[Entries taken from a collection]
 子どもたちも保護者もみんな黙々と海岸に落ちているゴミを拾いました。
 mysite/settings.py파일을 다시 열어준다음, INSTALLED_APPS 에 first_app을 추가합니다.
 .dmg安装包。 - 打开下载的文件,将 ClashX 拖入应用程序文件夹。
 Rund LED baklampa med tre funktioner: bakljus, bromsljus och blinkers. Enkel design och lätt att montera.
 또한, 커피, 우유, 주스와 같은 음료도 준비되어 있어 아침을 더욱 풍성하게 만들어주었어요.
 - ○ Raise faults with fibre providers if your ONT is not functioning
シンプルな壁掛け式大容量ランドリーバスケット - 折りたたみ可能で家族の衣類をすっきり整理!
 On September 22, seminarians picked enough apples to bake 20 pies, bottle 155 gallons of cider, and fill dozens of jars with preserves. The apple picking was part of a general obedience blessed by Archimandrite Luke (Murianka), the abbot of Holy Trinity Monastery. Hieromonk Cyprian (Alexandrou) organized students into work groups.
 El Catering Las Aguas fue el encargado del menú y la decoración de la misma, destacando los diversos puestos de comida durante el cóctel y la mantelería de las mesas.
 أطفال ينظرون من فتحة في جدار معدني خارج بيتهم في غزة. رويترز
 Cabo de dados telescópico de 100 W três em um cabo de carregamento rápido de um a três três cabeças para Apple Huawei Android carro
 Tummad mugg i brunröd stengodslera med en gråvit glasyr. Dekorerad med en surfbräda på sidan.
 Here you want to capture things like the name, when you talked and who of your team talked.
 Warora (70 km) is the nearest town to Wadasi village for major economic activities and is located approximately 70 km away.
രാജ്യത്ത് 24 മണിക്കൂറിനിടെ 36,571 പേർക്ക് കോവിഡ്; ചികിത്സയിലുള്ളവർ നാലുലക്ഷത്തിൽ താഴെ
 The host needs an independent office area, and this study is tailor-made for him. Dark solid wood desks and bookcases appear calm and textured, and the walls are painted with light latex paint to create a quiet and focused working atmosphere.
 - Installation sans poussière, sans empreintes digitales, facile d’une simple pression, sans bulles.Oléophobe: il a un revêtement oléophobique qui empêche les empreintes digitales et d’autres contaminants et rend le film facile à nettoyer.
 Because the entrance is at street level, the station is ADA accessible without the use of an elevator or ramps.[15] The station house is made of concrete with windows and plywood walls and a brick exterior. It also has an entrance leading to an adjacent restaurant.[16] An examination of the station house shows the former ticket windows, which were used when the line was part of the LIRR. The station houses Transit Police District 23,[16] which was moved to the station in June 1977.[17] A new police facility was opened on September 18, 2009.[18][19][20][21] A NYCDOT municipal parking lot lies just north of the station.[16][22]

▸ Problem description
Copy out exactly the lines from the one containing "Tummad mugg i" through the last line above, keeping both end lines.

▸ Solved exercise
 Tummad mugg i brunröd stengodslera med en gråvit glasyr. Dekorerad med en surfbräda på sidan.
 Here you want to capture things like the name, when you talked and who of your team talked.
 Warora (70 km) is the nearest town to Wadasi village for major economic activities and is located approximately 70 km away.
രാജ്യത്ത് 24 മണിക്കൂറിനിടെ 36,571 പേർക്ക് കോവിഡ്; ചികിത്സയിലുള്ളവർ നാലുലക്ഷത്തിൽ താഴെ
 The host needs an independent office area, and this study is tailor-made for him. Dark solid wood desks and bookcases appear calm and textured, and the walls are painted with light latex paint to create a quiet and focused working atmosphere.
 - Installation sans poussière, sans empreintes digitales, facile d’une simple pression, sans bulles.Oléophobe: il a un revêtement oléophobique qui empêche les empreintes digitales et d’autres contaminants et rend le film facile à nettoyer.
 Because the entrance is at street level, the station is ADA accessible without the use of an elevator or ramps.[15] The station house is made of concrete with windows and plywood walls and a brick exterior. It also has an entrance leading to an adjacent restaurant.[16] An examination of the station house shows the former ticket windows, which were used when the line was part of the LIRR. The station houses Transit Police District 23,[16] which was moved to the station in June 1977.[17] A new police facility was opened on September 18, 2009.[18][19][20][21] A NYCDOT municipal parking lot lies just north of the station.[16][22]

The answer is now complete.